*** Opening of MATERIAL PROVIDED ***

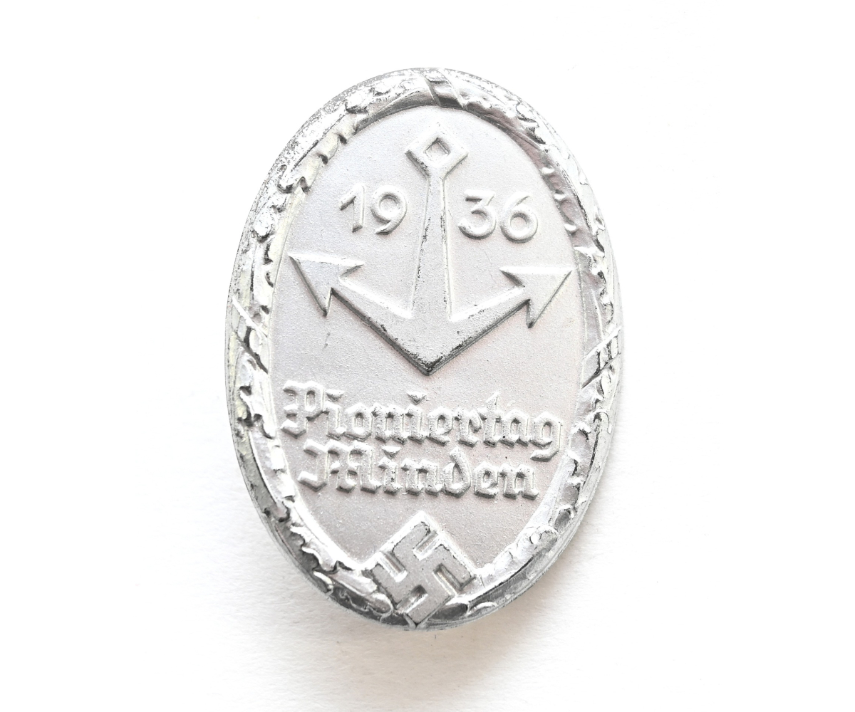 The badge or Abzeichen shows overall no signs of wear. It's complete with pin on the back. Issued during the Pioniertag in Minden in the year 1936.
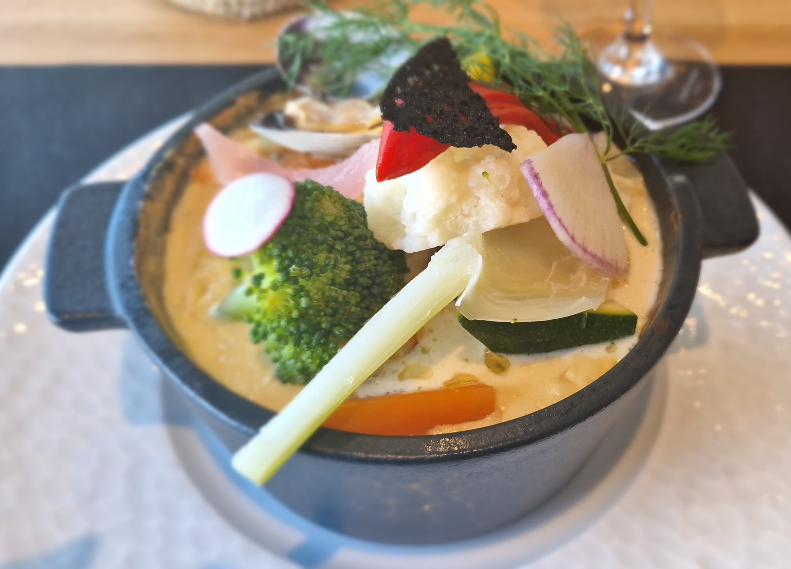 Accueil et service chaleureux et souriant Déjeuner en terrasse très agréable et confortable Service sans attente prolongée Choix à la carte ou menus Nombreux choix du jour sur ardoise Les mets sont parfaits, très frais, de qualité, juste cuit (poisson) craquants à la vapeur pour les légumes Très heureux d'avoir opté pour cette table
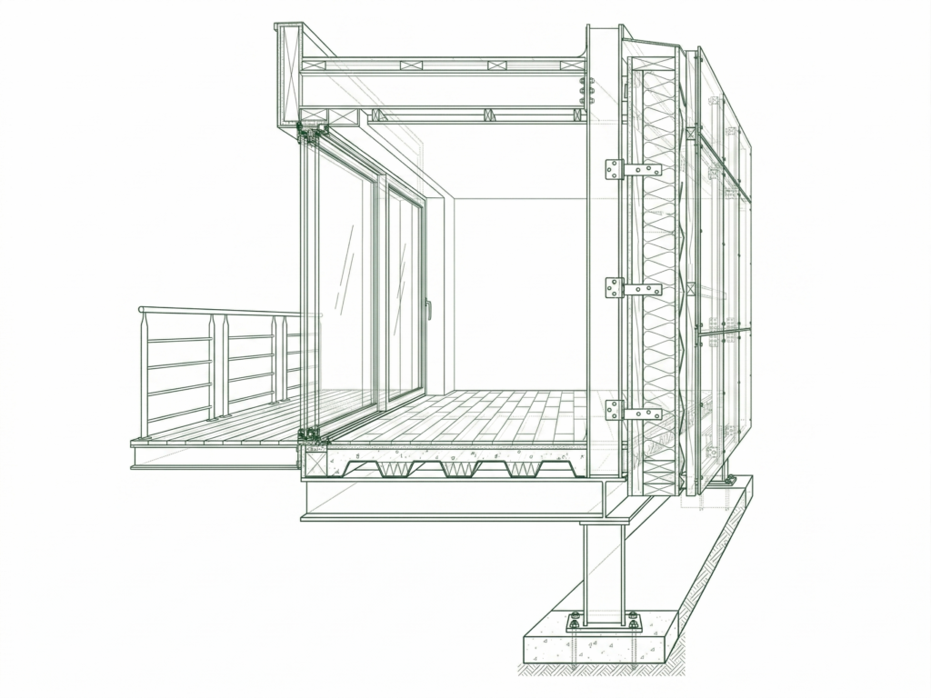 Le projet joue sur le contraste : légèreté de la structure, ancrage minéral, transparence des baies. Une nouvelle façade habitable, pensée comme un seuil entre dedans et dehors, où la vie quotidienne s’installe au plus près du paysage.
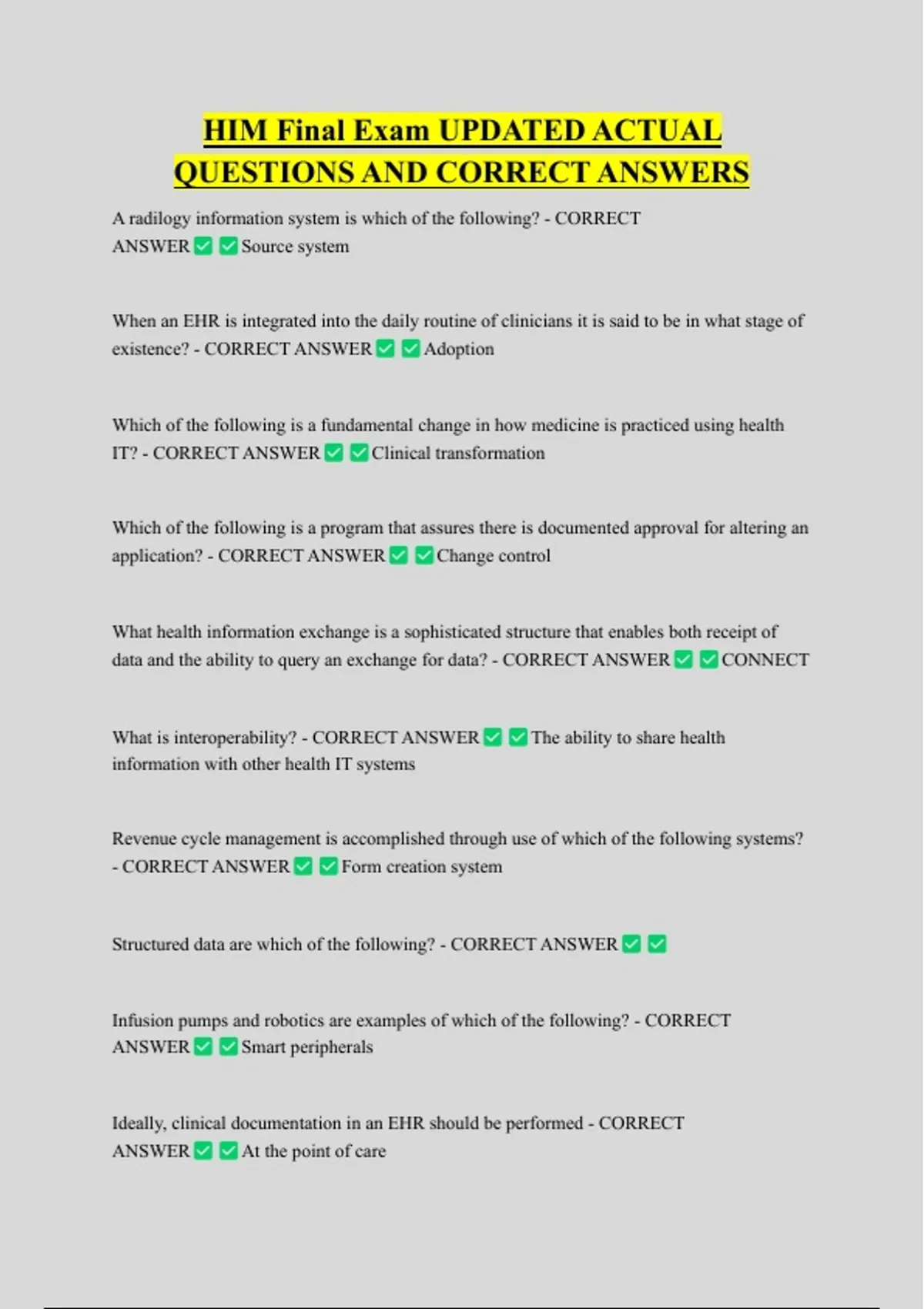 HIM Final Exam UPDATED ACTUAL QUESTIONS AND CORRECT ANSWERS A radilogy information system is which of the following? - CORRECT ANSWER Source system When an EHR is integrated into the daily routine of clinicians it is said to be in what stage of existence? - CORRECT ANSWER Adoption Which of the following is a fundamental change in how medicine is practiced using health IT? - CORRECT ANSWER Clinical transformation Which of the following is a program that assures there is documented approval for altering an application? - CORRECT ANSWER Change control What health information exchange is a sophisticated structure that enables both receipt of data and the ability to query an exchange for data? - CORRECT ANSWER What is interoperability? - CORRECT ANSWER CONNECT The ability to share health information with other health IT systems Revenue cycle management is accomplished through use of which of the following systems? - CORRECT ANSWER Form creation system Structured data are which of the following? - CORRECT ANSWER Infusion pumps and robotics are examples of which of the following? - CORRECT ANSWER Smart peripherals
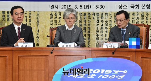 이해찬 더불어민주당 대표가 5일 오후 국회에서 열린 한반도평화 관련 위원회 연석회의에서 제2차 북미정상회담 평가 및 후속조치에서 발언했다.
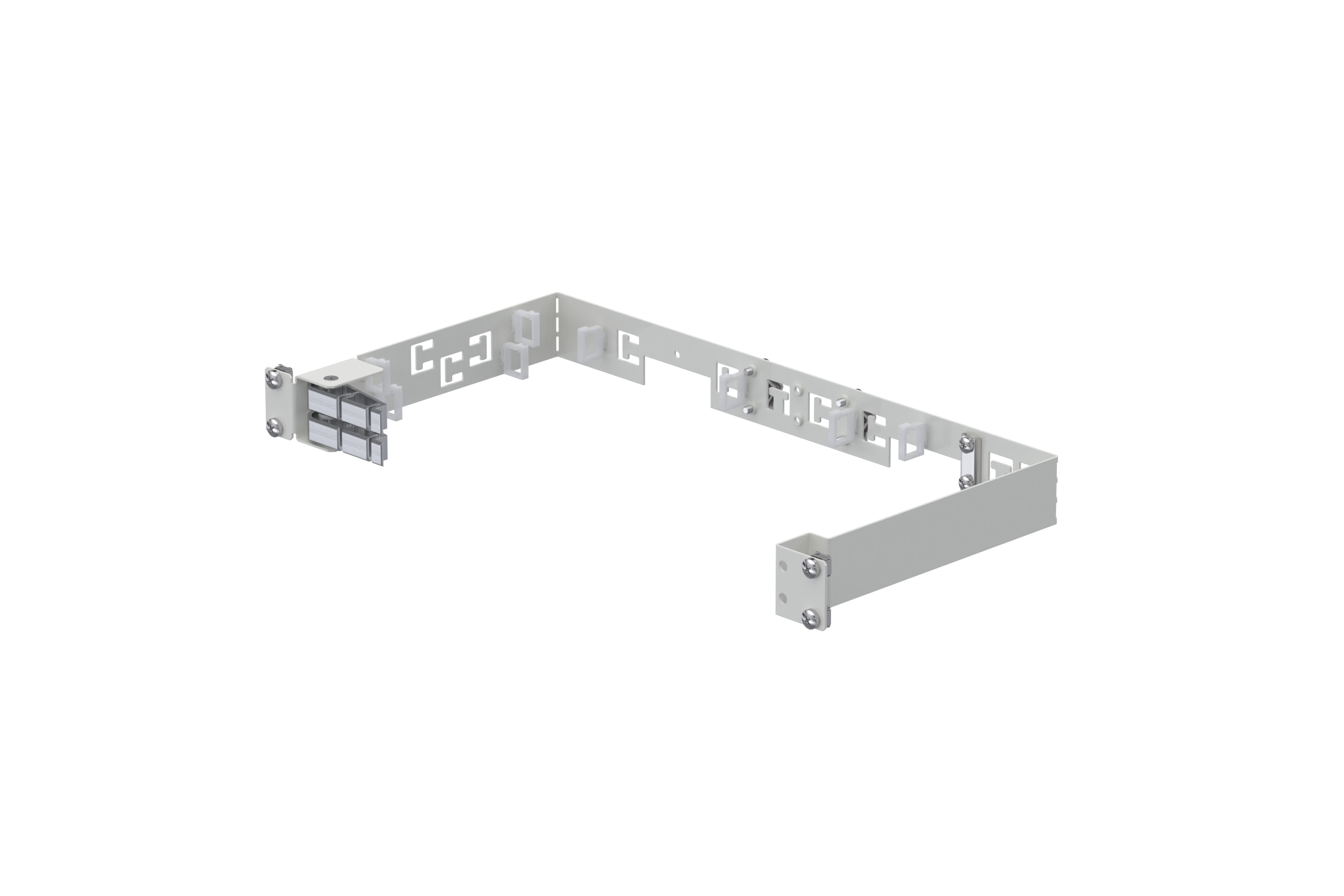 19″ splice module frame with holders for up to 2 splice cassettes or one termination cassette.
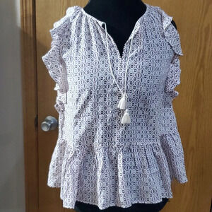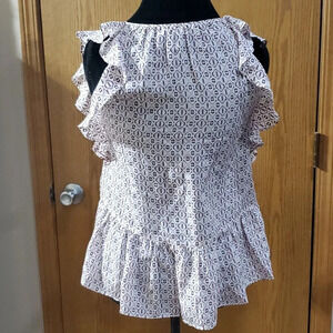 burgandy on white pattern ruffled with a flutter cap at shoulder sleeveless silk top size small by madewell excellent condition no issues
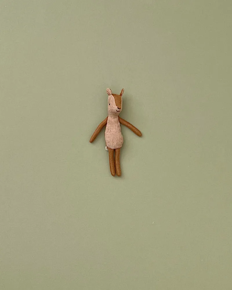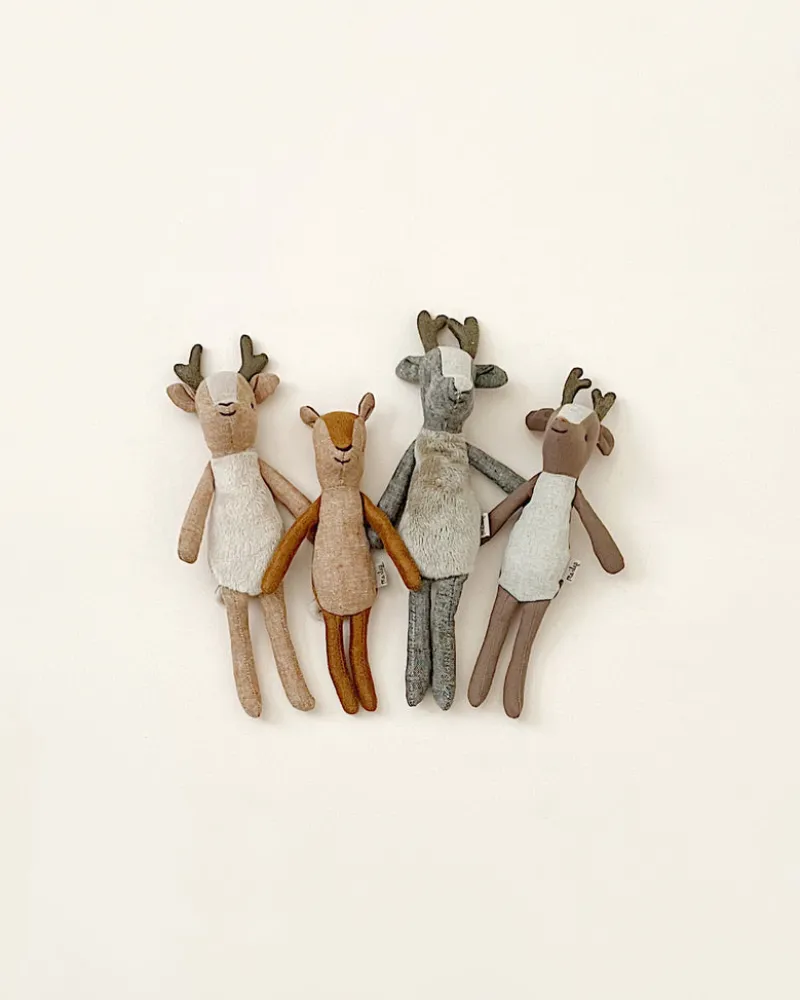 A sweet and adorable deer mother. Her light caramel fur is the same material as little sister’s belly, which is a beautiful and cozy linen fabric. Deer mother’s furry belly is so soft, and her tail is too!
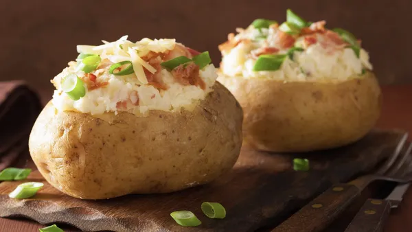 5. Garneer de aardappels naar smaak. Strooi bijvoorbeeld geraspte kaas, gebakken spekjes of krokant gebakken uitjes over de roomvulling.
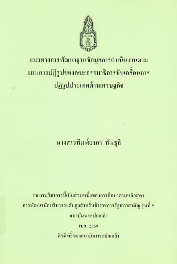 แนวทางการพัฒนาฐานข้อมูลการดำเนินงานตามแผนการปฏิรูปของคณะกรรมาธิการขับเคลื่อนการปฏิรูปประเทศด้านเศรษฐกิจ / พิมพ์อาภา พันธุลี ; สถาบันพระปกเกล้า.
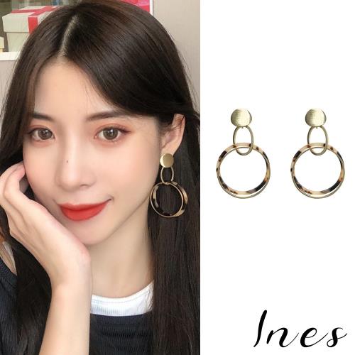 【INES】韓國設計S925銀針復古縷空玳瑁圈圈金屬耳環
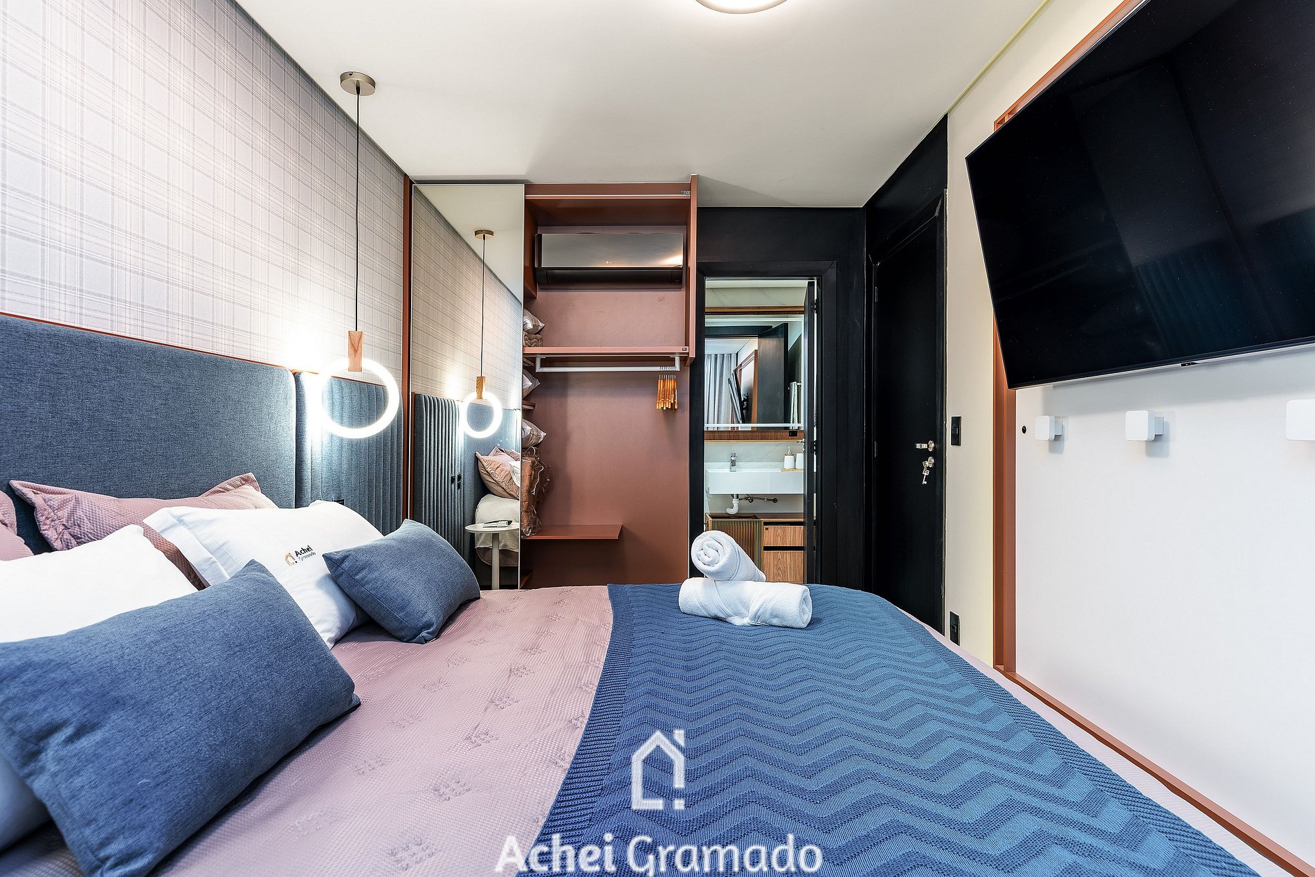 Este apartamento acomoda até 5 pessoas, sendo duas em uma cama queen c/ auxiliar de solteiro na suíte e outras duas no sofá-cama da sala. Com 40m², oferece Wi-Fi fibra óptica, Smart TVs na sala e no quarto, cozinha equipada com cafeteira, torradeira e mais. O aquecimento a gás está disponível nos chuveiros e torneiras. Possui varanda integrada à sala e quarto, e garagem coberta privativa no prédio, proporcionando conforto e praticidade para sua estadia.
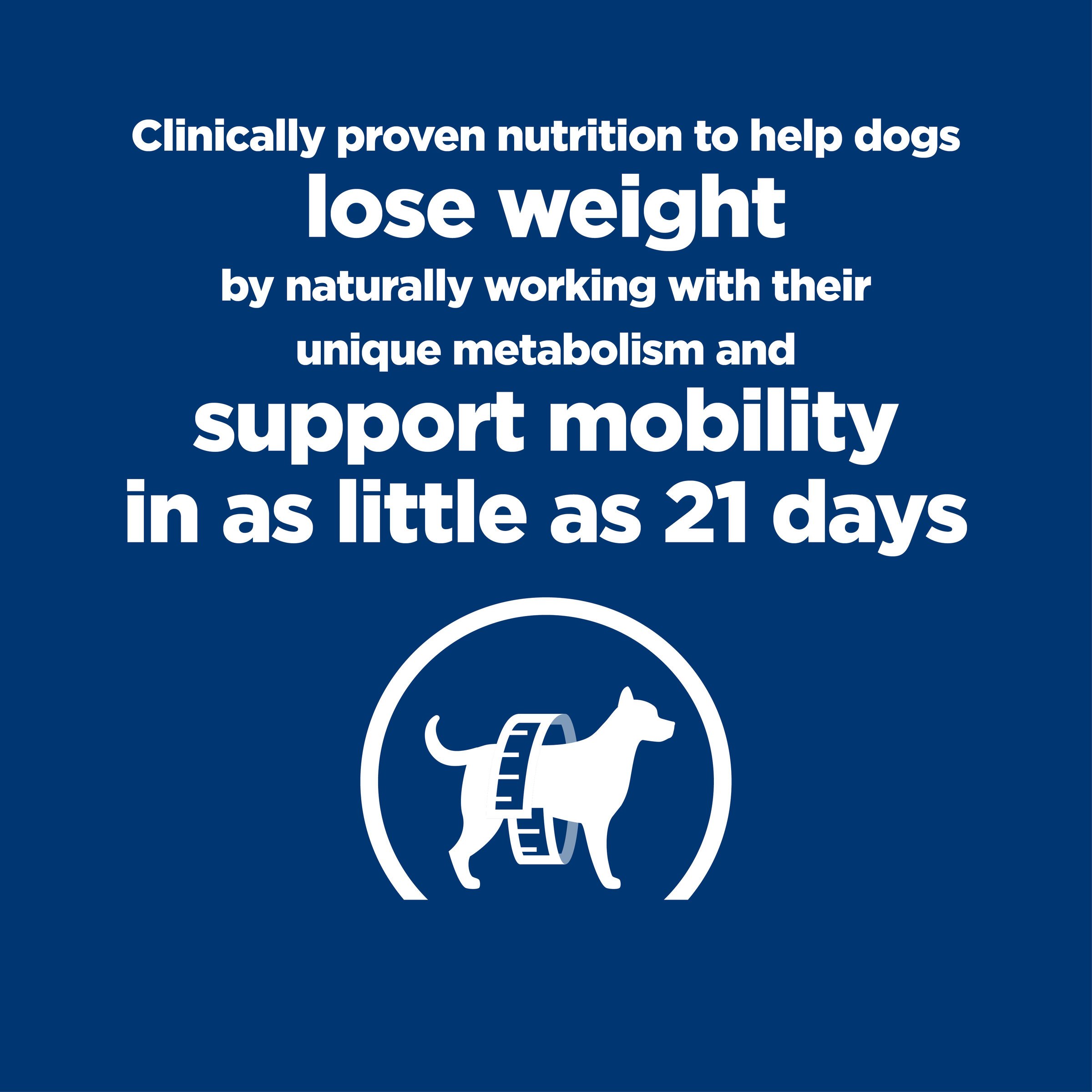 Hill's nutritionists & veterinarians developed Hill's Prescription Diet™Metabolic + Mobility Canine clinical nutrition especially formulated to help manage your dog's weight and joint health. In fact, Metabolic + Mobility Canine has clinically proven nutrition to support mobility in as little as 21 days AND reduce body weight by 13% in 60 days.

*** Close of MATERIAL PROVIDED ***

§ **EXERCISE DIRECTIONS**: Before you print the records, please set aside any pictures and keep everything else exact.

§ **SOLUTION TO THE EXERCISE**:
 The badge or Abzeichen shows overall no signs of wear. It's complete with pin on the back. Issued during the Pioniertag in Minden in the year 1936.
 Accueil et service chaleureux et souriant Déjeuner en terrasse très agréable et confortable Service sans attente prolongée Choix à la carte ou menus Nombreux choix du jour sur ardoise Les mets sont parfaits, très frais, de qualité, juste cuit (poisson) craquants à la vapeur pour les légumes Très heureux d'avoir opté pour cette table
 Le projet joue sur le contraste : légèreté de la structure, ancrage minéral, transparence des baies. Une nouvelle façade habitable, pensée comme un seuil entre dedans et dehors, où la vie quotidienne s’installe au plus près du paysage.
 HIM Final Exam UPDATED ACTUAL QUESTIONS AND CORRECT ANSWERS A radilogy information system is which of the following? - CORRECT ANSWER Source system When an EHR is integrated into the daily routine of clinicians it is said to be in what stage of existence? - CORRECT ANSWER Adoption Which of the following is a fundamental change in how medicine is practiced using health IT? - CORRECT ANSWER Clinical transformation Which of the following is a program that assures there is documented approval for altering an application? - CORRECT ANSWER Change control What health information exchange is a sophisticated structure that enables both receipt of data and the ability to query an exchange for data? - CORRECT ANSWER What is interoperability? - CORRECT ANSWER CONNECT The ability to share health information with other health IT systems Revenue cycle management is accomplished through use of which of the following systems? - CORRECT ANSWER Form creation system Structured data are which of the following? - CORRECT ANSWER Infusion pumps and robotics are examples of which of the following? - CORRECT ANSWER Smart peripherals
 이해찬 더불어민주당 대표가 5일 오후 국회에서 열린 한반도평화 관련 위원회 연석회의에서 제2차 북미정상회담 평가 및 후속조치에서 발언했다.
 19″ splice module frame with holders for up to 2 splice cassettes or one termination cassette.
 burgandy on white pattern ruffled with a flutter cap at shoulder sleeveless silk top size small by madewell excellent condition no issues
 A sweet and adorable deer mother. Her light caramel fur is the same material as little sister’s belly, which is a beautiful and cozy linen fabric. Deer mother’s furry belly is so soft, and her tail is too!
 5. Garneer de aardappels naar smaak. Strooi bijvoorbeeld geraspte kaas, gebakken spekjes of krokant gebakken uitjes over de roomvulling.
 แนวทางการพัฒนาฐานข้อมูลการดำเนินงานตามแผนการปฏิรูปของคณะกรรมาธิการขับเคลื่อนการปฏิรูปประเทศด้านเศรษฐกิจ / พิมพ์อาภา พันธุลี ; สถาบันพระปกเกล้า.
 【INES】韓國設計S925銀針復古縷空玳瑁圈圈金屬耳環
 Este apartamento acomoda até 5 pessoas, sendo duas em uma cama queen c/ auxiliar de solteiro na suíte e outras duas no sofá-cama da sala. Com 40m², oferece Wi-Fi fibra óptica, Smart TVs na sala e no quarto, cozinha equipada com cafeteira, torradeira e mais. O aquecimento a gás está disponível nos chuveiros e torneiras. Possui varanda integrada à sala e quarto, e garagem coberta privativa no prédio, proporcionando conforto e praticidade para sua estadia.
 Hill's nutritionists & veterinarians developed Hill's Prescription Diet™Metabolic + Mobility Canine clinical nutrition especially formulated to help manage your dog's weight and joint health. In fact, Metabolic + Mobility Canine has clinically proven nutrition to support mobility in as little as 21 days AND reduce body weight by 13% in 60 days.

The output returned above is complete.